Fed Rate Cut Shows the Main Battle Against…

From Morningstar: 2024-09-19 05:09:00

The Federal Reserve has shifted to easing monetary policy after two years of high interest rates. The Fed reduced the federal-funds rate to 4.75%-5.00% in September, with a larger cut of 50 basis points. This move aims to balance concerns about inflation and economic growth.

Market expectations for the federal-funds rate have driven bond yields lower in response to rate cut expectations. The Fed’s decision to cut rates by 50 basis points did not cause significant movement in bond yields as the Fed aims to align with current market expectations. Despite mild inflation, concerns about the labor market support the need for rate cuts.
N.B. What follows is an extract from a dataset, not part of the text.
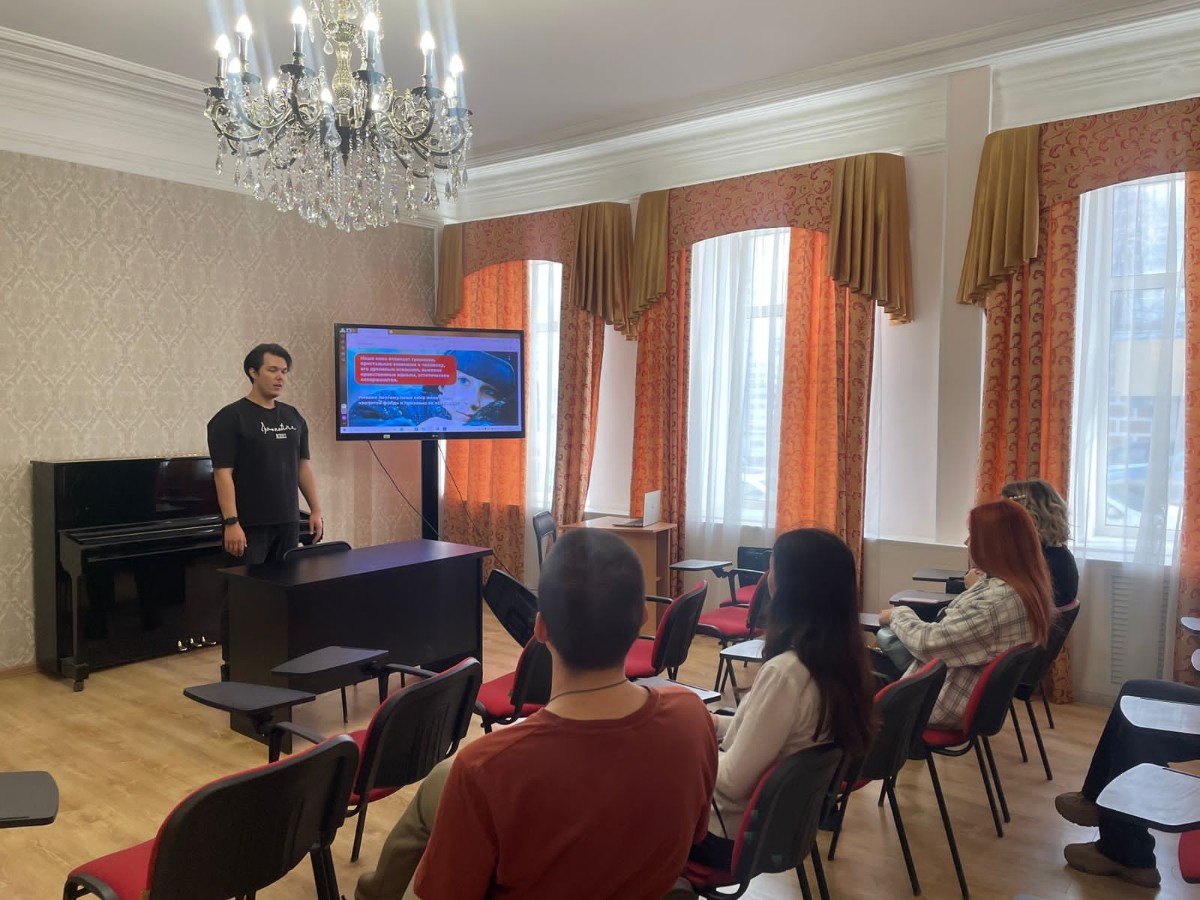 16 октября 2023 года на кафедре музыкального и хореографического образования в рамках тематического плана занятий "Разговоры о важном" состоялась беседа  на тему "По ту сторону экрана. 115 лет кино в России" со студентами 1 курса направления подготовки "Педагогическое образование", профиля "Музыкальное образование" под руководством куратора преподавателя Бакиева Рафаэля Рифовича.

Federal Reserve Chairman Jerome Powell stated that the risk of achieving employment and inflation goals are now in balance, shifting focus away from the previous concern of high inflation. The Fed’s monetary policy aims to keep the economy out of a recession with a federal-funds rate closer to its estimated “neutral” rate of 2%-3%, indicating a more gradual pace of rate cuts in future meetings.

Ongoing concerns about inflation and economic growth have led the Fed to implement a series of rate cuts, aligning closely with current market expectations. The aim is to prevent a recession while maintaining a healthy level of economic growth. Powell’s assessment indicates a balanced approach to monetary policy to support stability and growth.